Fire at will!, she thought, and smiled at the prospect of a silvery trail of scan probes abandoned in space. Oh, what was the point... there was nothing in this system... nothing in this region. There was probably nothing left in the entire cluster. She looked at the time in the display. Less than a minute.

"Yes please. Move pattern, then scan once more."

The point was practice. To keep skills sharp.

--

45 seconds - Essence, 25th FDU Defensive Patrol 1000h
(Graveyard Shift)

They had been flying for the entire shift and spotted no targets.

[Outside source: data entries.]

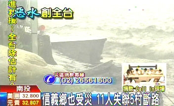 中國臺灣網8月10日消息 據臺灣TVBS電視臺報道,臺風重創南臺灣,但中臺灣的南投信義山區災情也不少,東埔村一處養鱒場目前還有11個人失聯,另外神木村也有15戶民宅,被泥石流淹沒,300個人緊急疏散;包括羅娜、新鄉和同富等5個村落,對外交通完全中斷,急需相關單位盡快搶信道路。
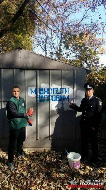 «Поліцейські Вінниччини прийняли активну участь у Всеукраїнській акції «Намалюй життя в любові - Україна». Поліцейські разом з представниками громадської організації «Пріоритет», зафарбовували рекламу наркотичних речовин, що розміщена на будівлях в м. Вінниці. Правоохоронці вийшли на вулиці міста, щоб підтримати ідею здорового життя без наркотиків», - йдеться в повідомленні на сайті поліції Вінниччини «Фейсбук».
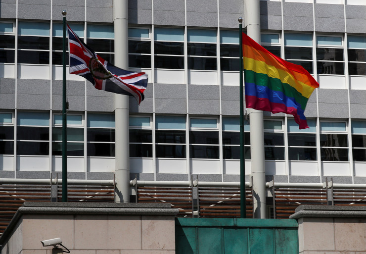 "Таким образом мы хотим выразить солидарность с представителями ЛГБТ-сообщества в России и во всем мире. Никто из них не требует для себя особых привилегий, а лишь достойного и уважительного отношения к себе и тех же прав, которые имеют остальные люди", - прокомментировали появление радужного флага британские дипломаты.
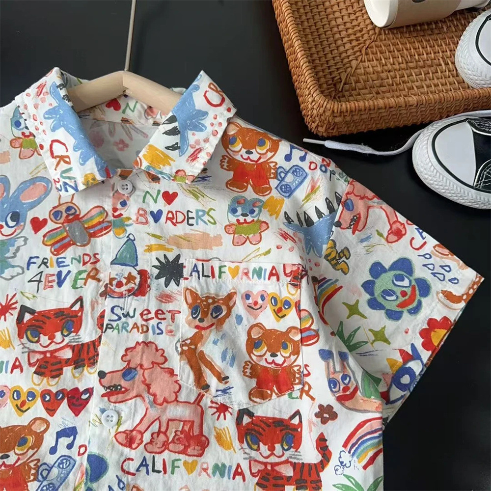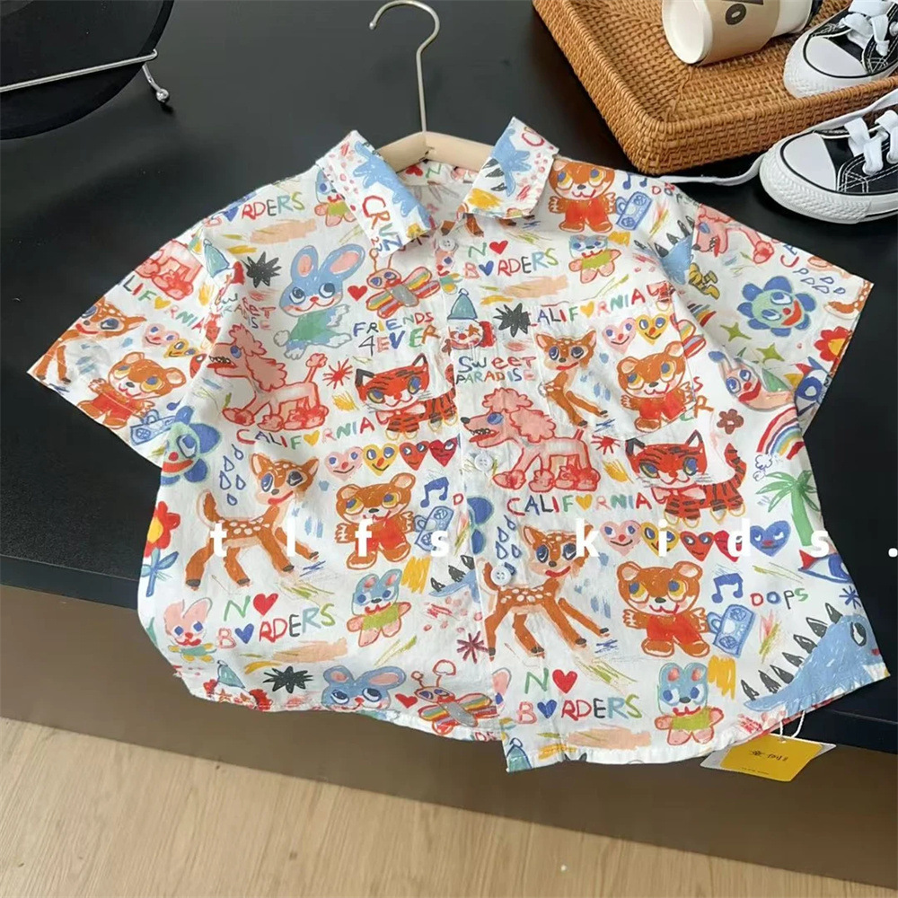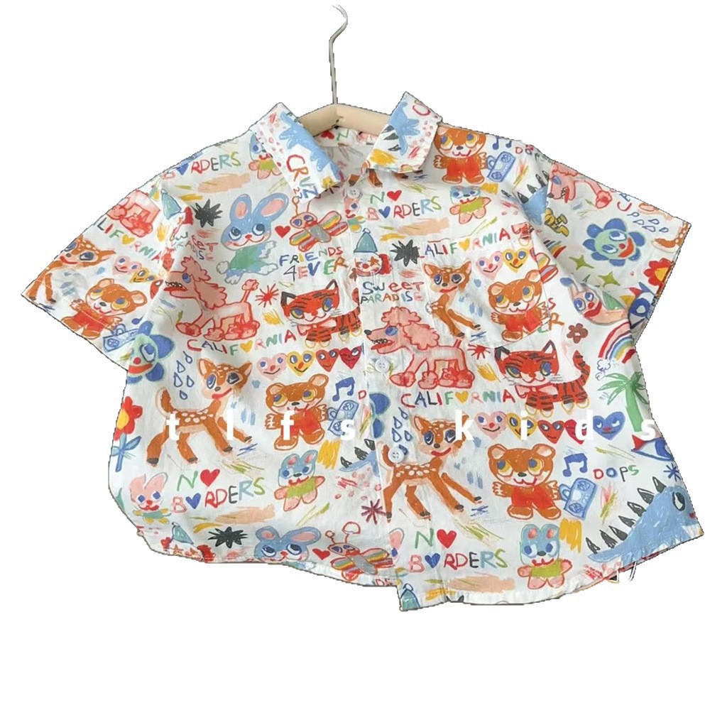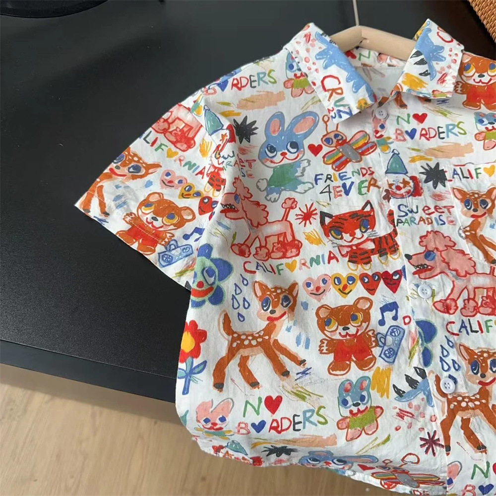 柠里儿童衬衫短袖男夏季新款小童满印上衣宝宝卡通休闲衬衣女薄款
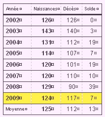En moyenne, sur 9 ans, le solde naturel n’est que de 16 personnes. L’objectif de la municipalit ? ?tait d’arriver ? 14 000 habitants en 2009 . Wouaf !
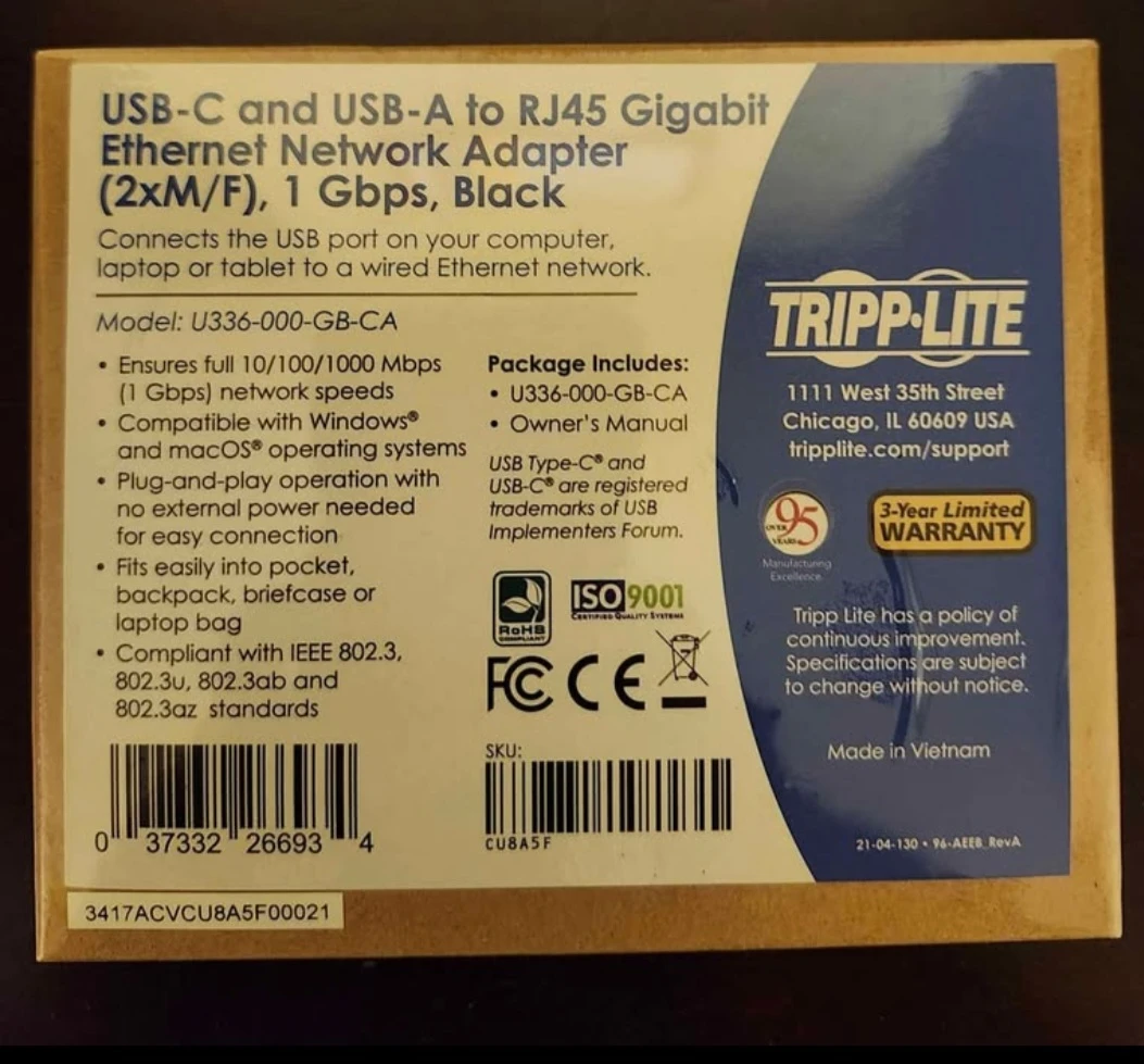 This is a Tripp Lite USB-C and USB-A to RJ45 Gigabit Ethernet Network Adapter. It ensures full 10/100/1000 Mbps network speeds and is compatible with Windows and macOS. Plug-and-play operation means no external power is needed for easy connection. It fits easily into a pocket, backpack, briefcase, or laptop bag and complies with IEEE 802.3 standards.
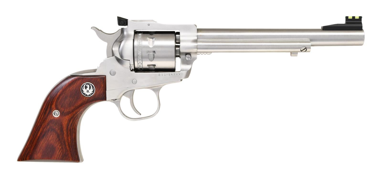 REVOLVERS. Both Cal. 22 Mag. S#'s 815-04905 & 815-04906. Both bbls. 6 1/2". Ramped fiber optic front sights. Adjustable rear sights. Stainless finishes. Rosewood-laminate grips with silver Ruger medallions. UNATTACHED ACCESSORIES: both guns have matching-numbered factory hardcases with manuals, trigger locks, and fired cases. CONDITION: all aspects of both guns are near new; in the box. (23-6906, 23-6907/MJC). BOTH MODERN. $1,400-2,000 for pair.
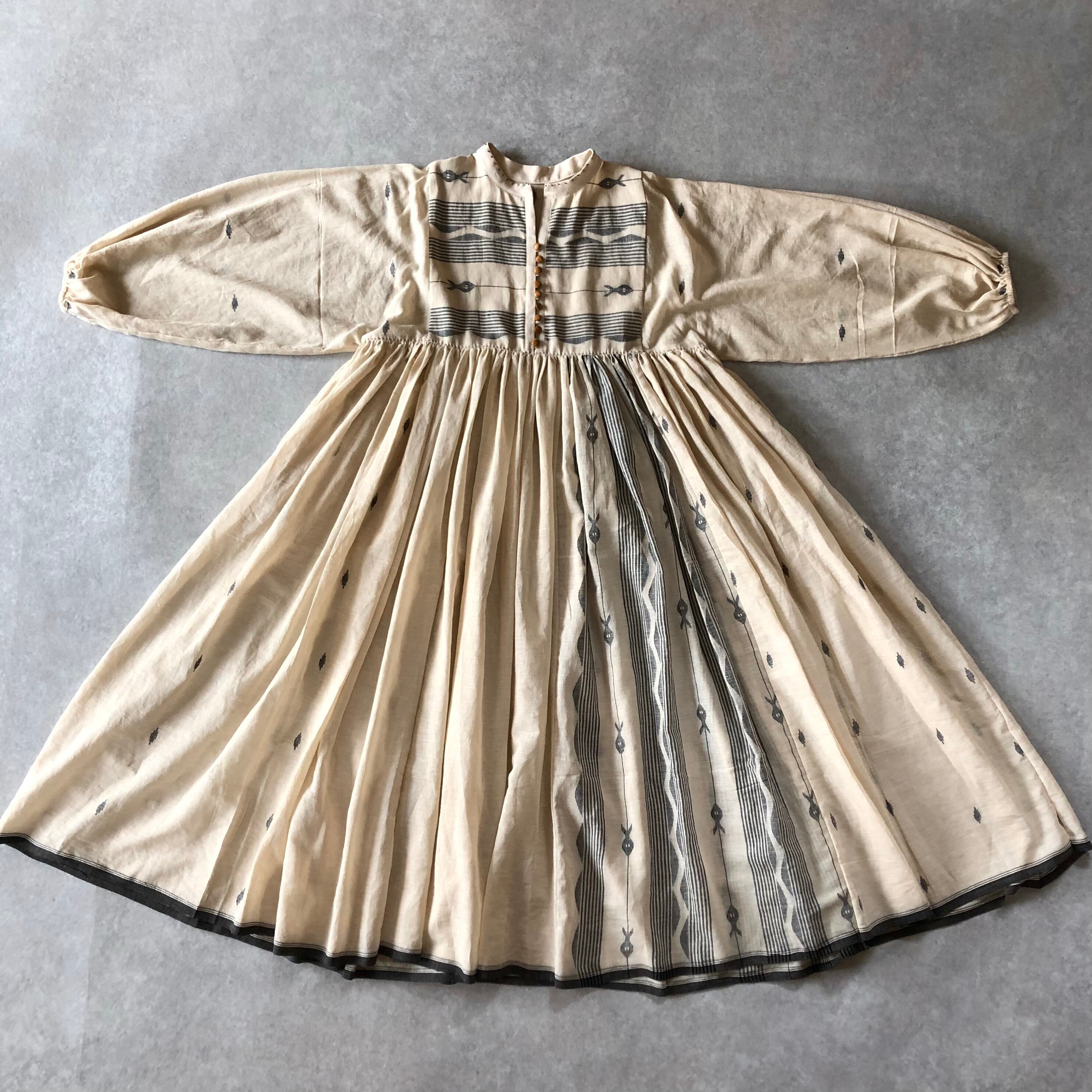 大胆なジャムダニ織の柄が身頃、スカートに施されていますが、
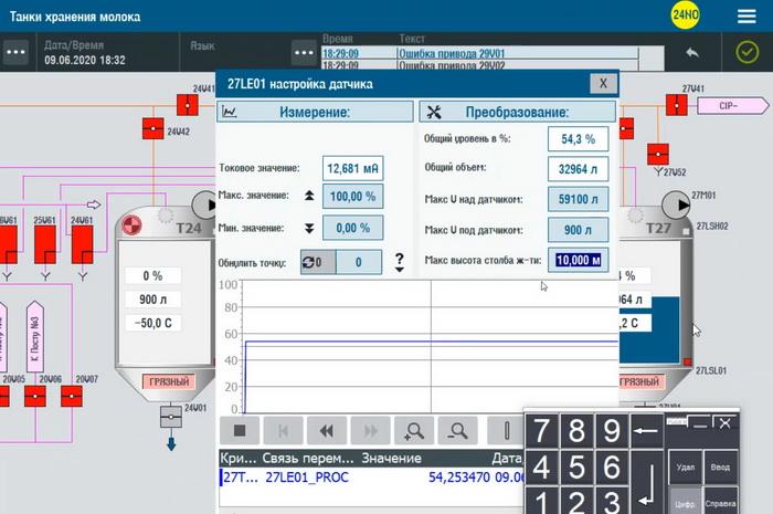The valve distribution cluster is used to connect several departments: 3 milk receiving posts, milk pasteurizer, CIP washing station, mixture storage department. The signal exchange is organized by means of communication via ProfiNET.
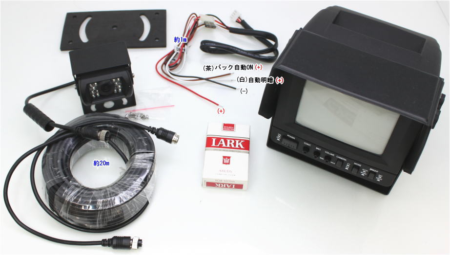 (防水カメラ)(水中不可) *1/3インチ白黒 赤外線照射内蔵CCDカメラ *超高感度防雨集音マイク内蔵 *白黒27万画素 *最低照度:0.3LUX F=2.0 *特殊レンズ: f=3.6mm *画角:水平約96度,垂直約76度 カメラより約3m離れて水平約5.4m幅が映ります *カメラは錆びないアルミダイキャスト製 *解像度:420TVライン *赤外線LED:6個使用 *照射範囲:約2〜3m照射 *シャッタースピード自動:1/60〜1/100000sec *温度範囲: -25度〜+85度 *電源: DC12V(モニターより定電圧供給) *消費電流:90mA〜180mA(約2.5W) *サイズ:105Wx65Hx65D *重量:約370g, オールアルミ製 注意・・カメラコードの接続部は必ず 防水テープ(48458)¥560を巻いてください (モニター) *白黒5.5インチ *電源:DC12V〜DC24V自動入力切替式 *音声出力スピーカー内蔵 *左右反転スイッチ付き *水平解像度:550TVライン *温度範囲: -20度〜+55度 *モニタサイズ:約177wX122hX191dmm *重量:約1.5Kg *ヒユ-ズ:2A(約12W) *付属カメラ延長防水コード:20m *日本大手自動車メーカーM社へ OEM供給してます優良製造メーカー製です。 |
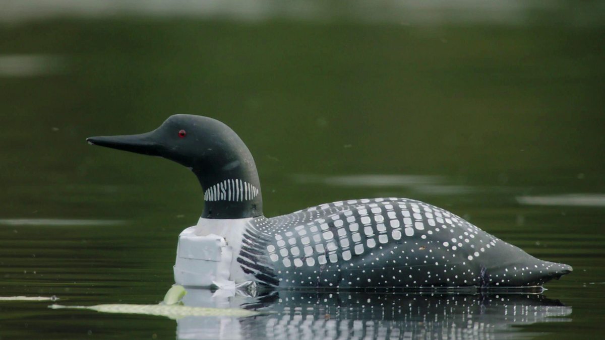 Kate Humble joins two scientists on a lake on Yellowstone NP, as they try to capture a loon, using a decoy loon.
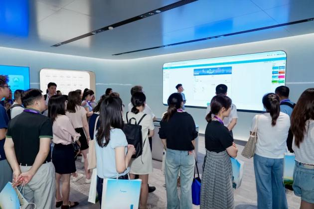 15:40 起,参访团分批抵达金蝶软件园,开启深度交流。在金蝶云展厅(13F)与金蝶云——天际会客厅(38F),专人讲解金蝶在企业数字化领域的技术成果与服务案例,展示财务数字化、业财一体化等核心解决方案;参观结束后,各高校代表分赴星辰 / 星空 / 星瀚 / 苍穹会议室,围绕“校企合作人才培养”展开专项交流,英国365集团官网代表结合本校财会专业特点,就“数字化课程共建”、“企业导师引入”、“实训项目开发”等话题与金蝶教育事业部团队深入探讨,初步达成合作意向。
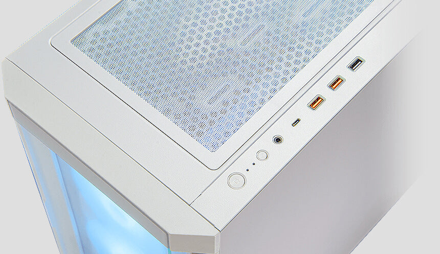 Comprend un connecteur Type-C Gen 2 (Key-A 20 broches), 2 ports USB 3.0, un port USB 2.0, une prise combinée audio/microphone, un bouton RVB et un bouton d'alimentation.
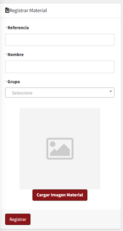 En el administrador de tareas también se pueden añadir nuevos materiales. Para agregar un nuevo material es obligatorio escribir una referencia, un nombre, y asignarle un grupo y en el caso de que se quiera crear uno nuevo solo hay que escribir el nombre donde se selecciona el grupo y presionar enter. Por último, hay que cargar la imagen presionando donde dice cargar imagen material y seleccionar la foto que se desea utilizar en los archivos de su computados. Para guardar solo hay que presionar registrar al finalizar el proceso.
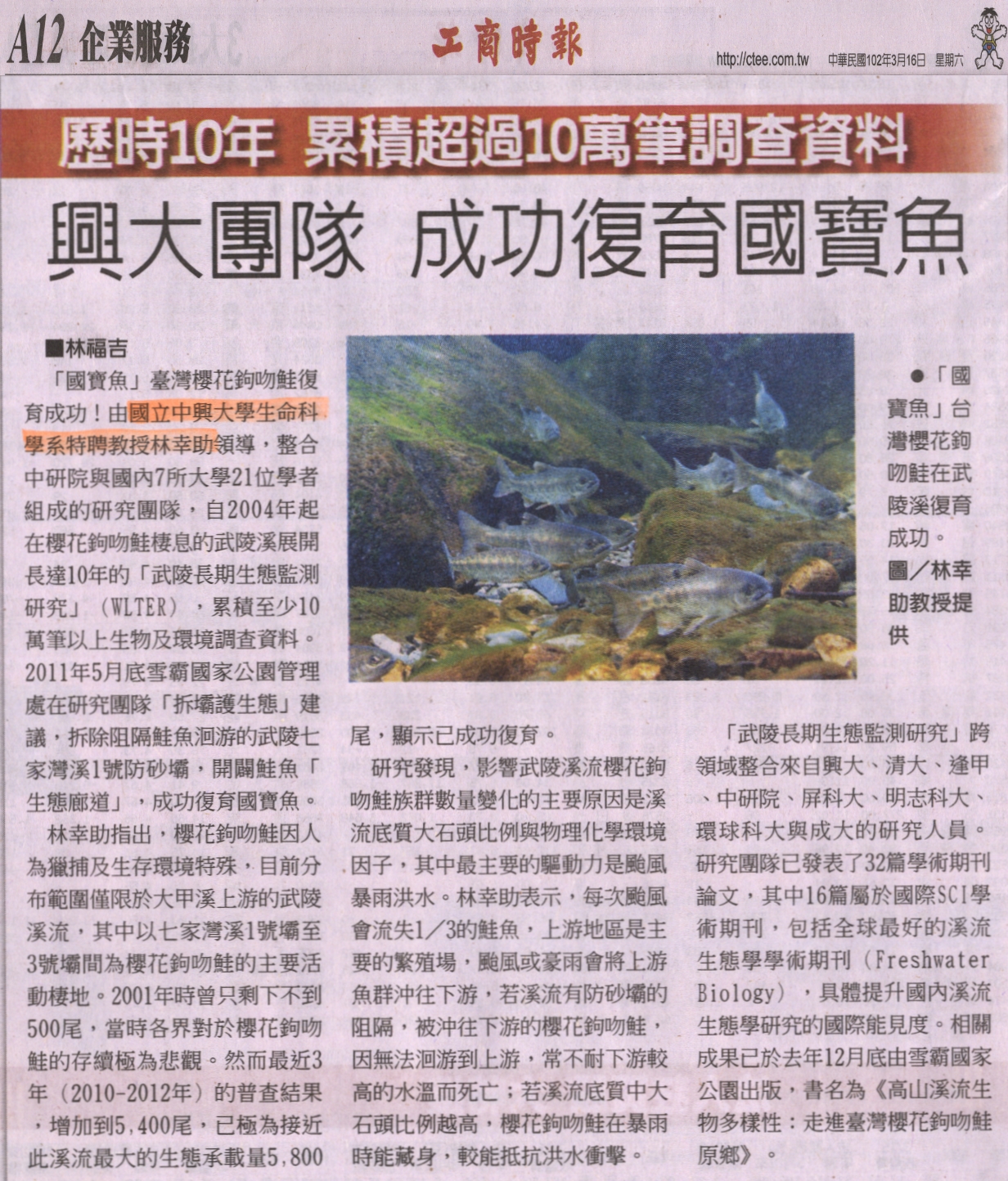 「國寶魚」臺灣櫻花鉤吻鮭復育成功!由國立中興大學生命科學系特聘教授林幸助領導,整合中研院與國內7所大學21位學者組成的研究團隊,自2004年起在櫻花鉤吻鮭棲息的武陵溪展開長達10年的「武陵長期生態監測研究」(WLTER),累積至少10萬筆以上生物及環境調查資料。2011年5月底雪霸國家公園管理處在研究團隊「拆壩護生態」建議,拆除阻隔鮭魚洄游的武陵七家灣溪1號防砂壩,開闢鮭魚「生態廊道」,成功復育國寶魚。

"So I says 'careful, that's not one of ours' just as he realizes he's trying to dock at the wrong station. Sentry guns almost get him good, warped out in half structure, har, har, har..."

The squadron had a clean record. Not impeccable, but clean. No kills, no loses, no action, no nothing. They came out at 1000 hours every day, patrolled until 1100 and handed over to the next shift.

The banter on comms was interrupted by the flight leader's voice "Ladies, cut the chatter. Time's over, dock up and get some sleep. See you guys tomorrow."

One by one, the squadron aligned and docked at a friendly station. All but one.

"Sir, Beaucheff here. What if we overstay shift?"

The militia flight leader started to reply a string of obscenities, then thought better. It was actually amusing. "You know what, Bo? That is the best damn idea I have heard in some time. But we seem to be all docked up so, why don't you do just that, overstay. We meet afterwards and then you tell us all about how it went, mkay? By the way, you keep your clone updated, don't you?"

--

30 seconds - Tash-Murkon - Voilà

"Thank you, that would be enough. Retrieve scan probes."

--

15 seconds - Molden Heath - Carillon

"Sir! Hull integrity 50%, I do not think she will take it!"

"She can, and she will."

The PA system blared "all hands brace for emergency warp, all hands brace for emergency warp."

--

DOWNTIME - Essence - in the dark

Lieutenant Beaucheff saw his flight systems shut down, then everything went dark.

--

DOWNTIME - Tash-Murkon - in the dark

"Latte, as usual?"

"Yes, a small one please."

--

DOWNTIME - Molden Heath - in the dark

The transport hung half-dead in space, far away from gates, celestials, pirate ships or anything else. All alone. Inside it was pitch-black, the incessant hum of a living ship having been interrupted.

But it was not quiet.

There was the cheering sound of a living crew.

--

DOWNTIME - Essence - in the dark

Beaucheff tried again to bring the systems back to life.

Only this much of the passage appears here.